Subsequently, we examined interactions among key proteins (Figure 4A) using experimentally validated knowledge from the STRING database (Figure 4C) and highlighted phosphorylation changes in these proteins (Figure 4D). This detailed phospho-mapping provides insights regarding functionally established phosphorylation events, such as S780 for resistant cells (RBs), as well as less-examined events, including T451 on AKT2, which has previously been associated with oncogenic signaling (Figure 4D). Immunoblotting validated key phosphorylation events for AKTs, S6K, RB1, and BAD, which are important regulators of proliferation and cell survival (Figure 4E). CB-103 treatment resulted in marked downregulation of NICD and C-MYC⁹ along with reduced total AKT levels and more pronounced reduced phosphorylation at residues T308, S473, and T450. Yet, these effects were largely ablated in p85-deficient cells (Figure 4E, RPMI-8402 cells; supplemental Figure 5B, DND-41 cells).

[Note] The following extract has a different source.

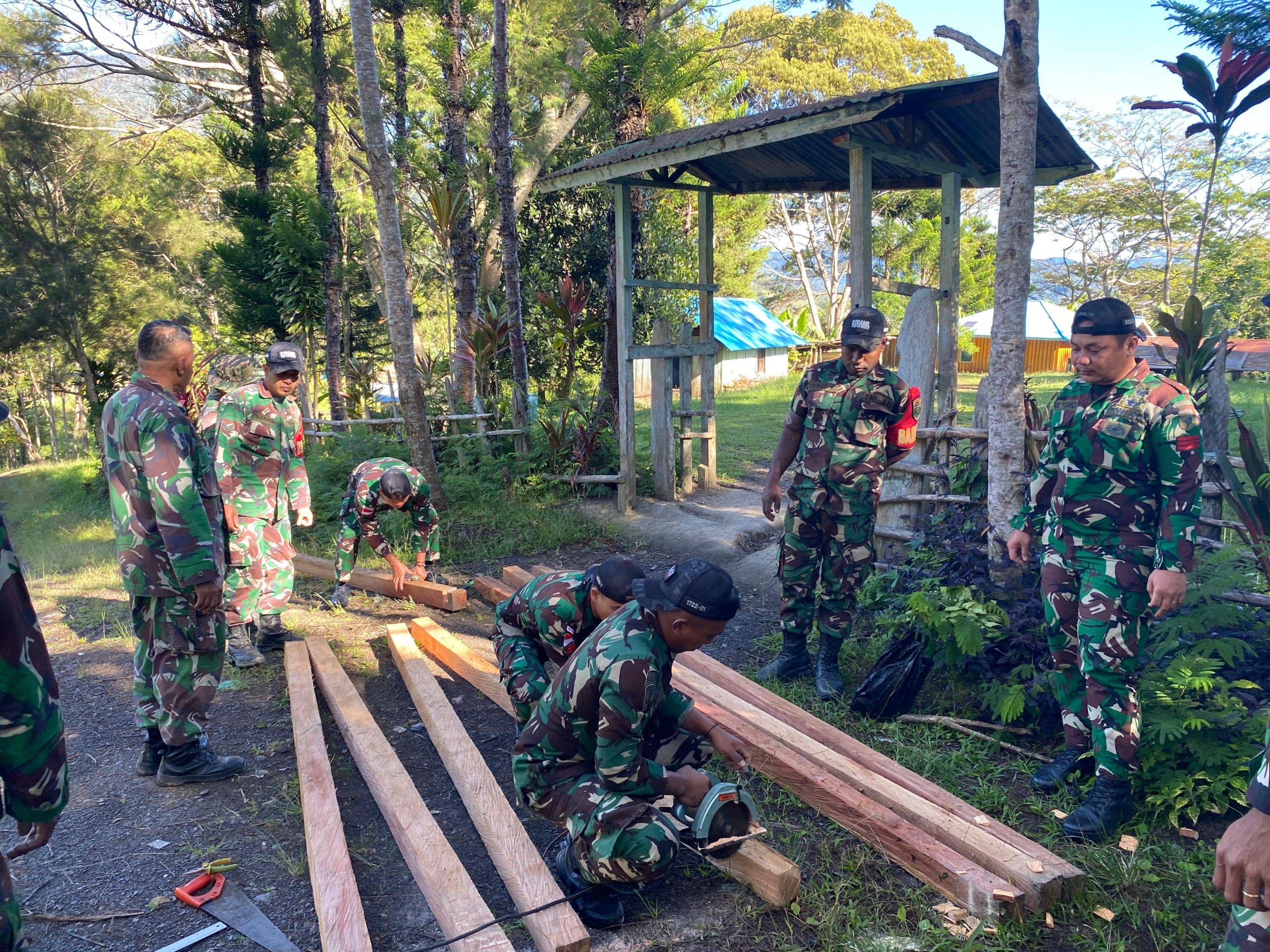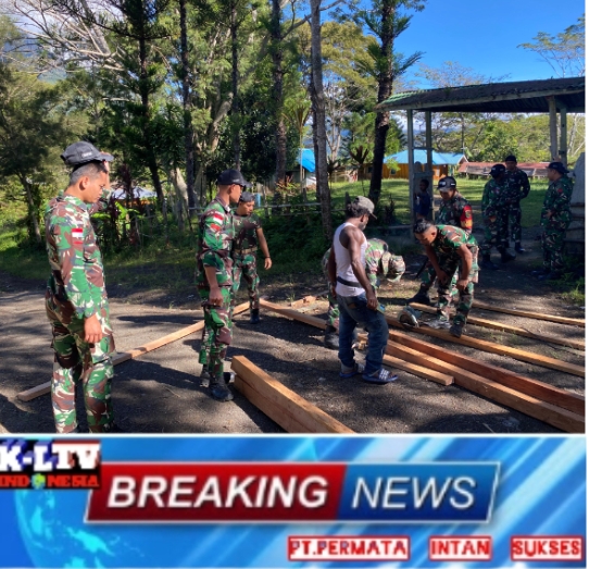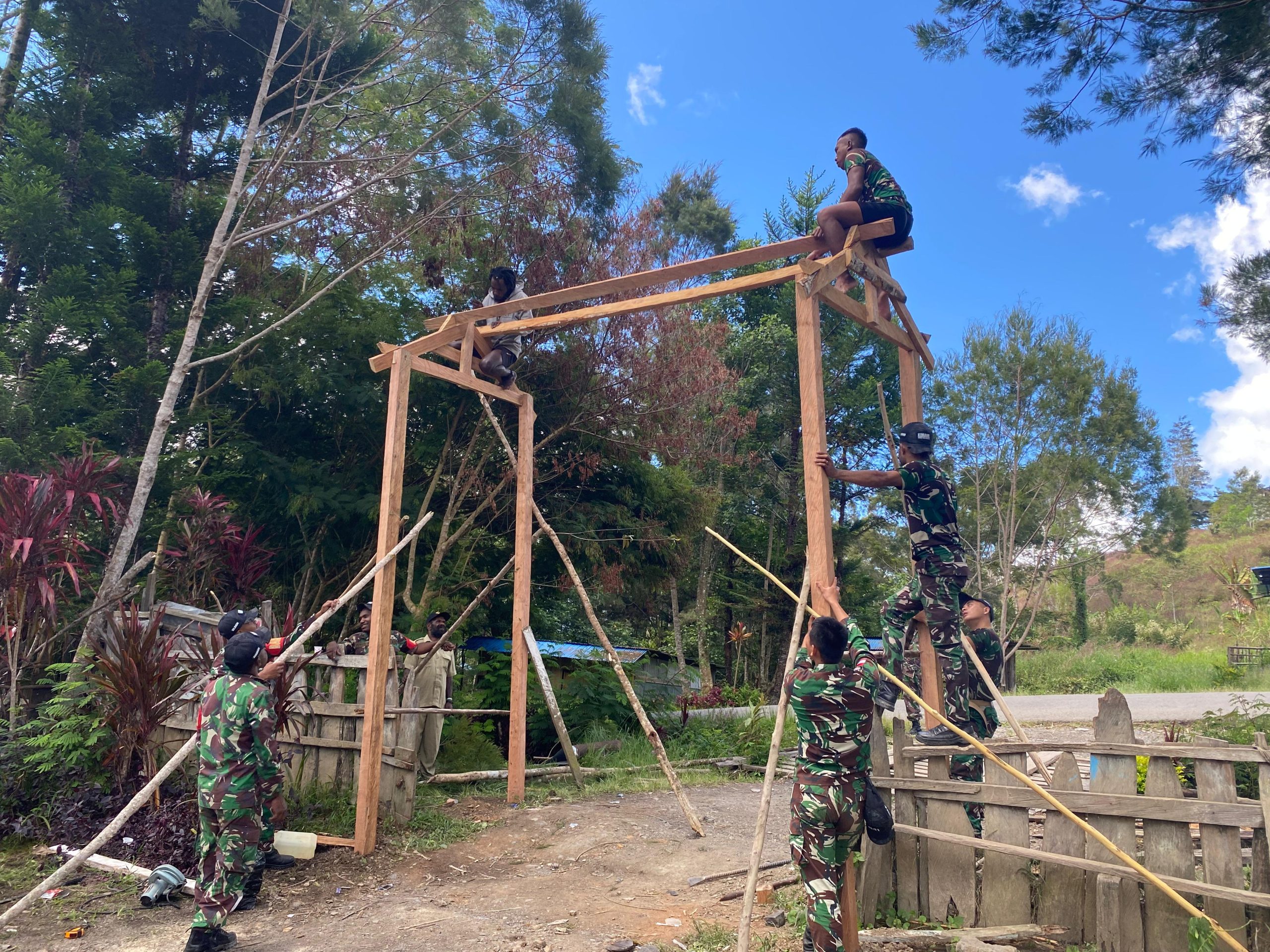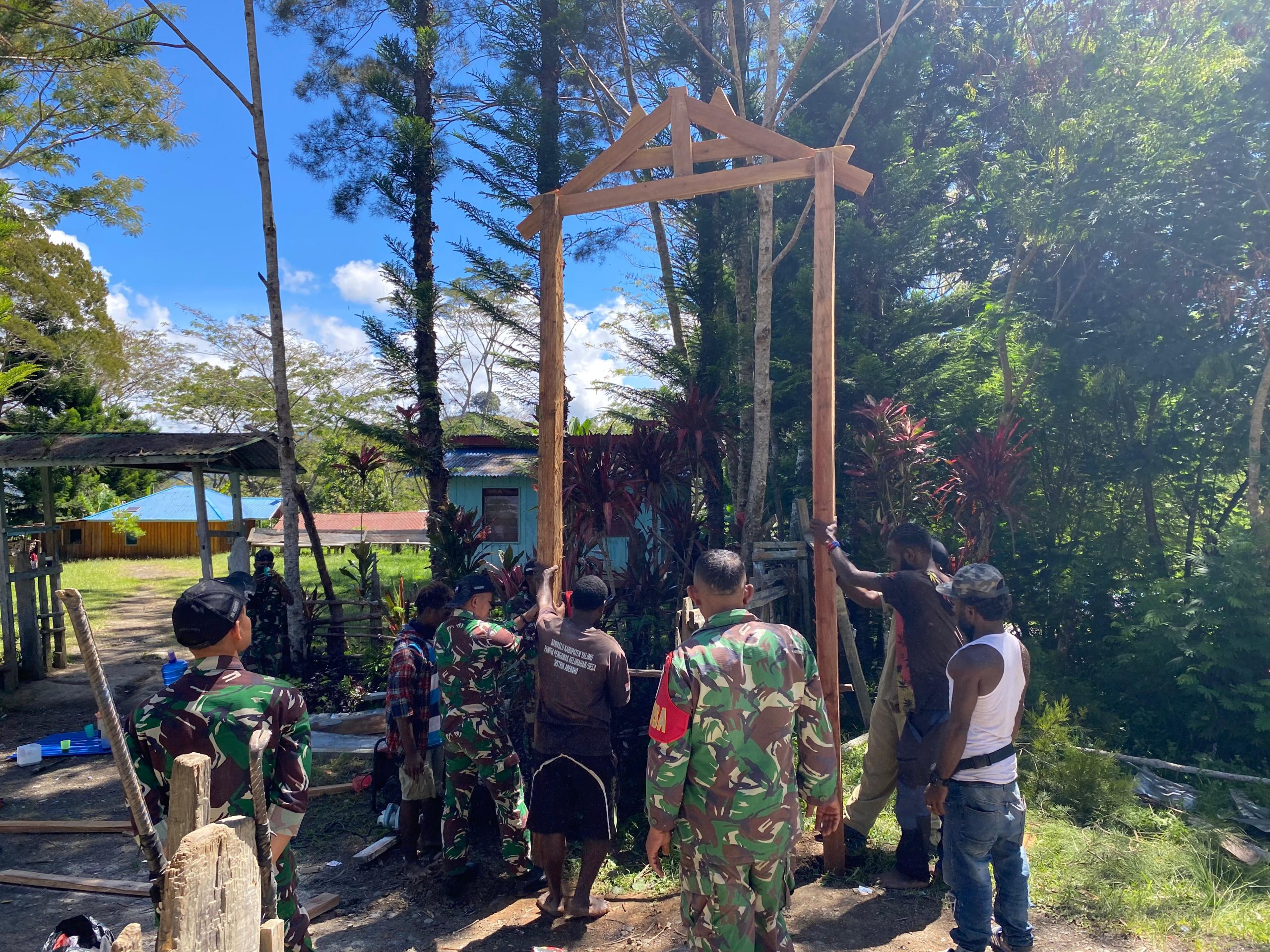 –klivetvindonesia.com– Membramo Tengah – Bentuk kekompakan TNI dan Masyarakat, melalui Satgas Yonif 641/Bru Pos Kelila bersama dengan anggota Koramil saling bahu-membahu membantu masyarakat perbaiki gerbang Desa Timeria, Distrik Kelila, Kabupaten Membramo Tengah, Provinsi Papua Pegunungan, (26/05/2025).

Similarly, the phosphorylation of ribosome protein S6 kinase (p-S6K, T389, and T421/S424) and its downstream substrate S6 (p-S6 and S235/236) were downregulated by CB-103 treatment but not in p85-deficient cells. Thus, under CB-103 treatment, the loss of PIK3R1 indeed helps maintain proteins involved in protein translation. In addition, all phosphorylation sites of RB tested (S780, S795, and S807/811) were downregulated in CB-103-sensitive cells compared with that in the RBs. The same holds true for BCL2 and BCL-xL, whereas BAD and p-BAD levels (prosurvival) remained comparable. These results indicate that p85-deficient RPMI-8402 cells are able to cope with Notch inhibition through increased AKT signaling and sustained protein translation, cell proliferation, and cell survival.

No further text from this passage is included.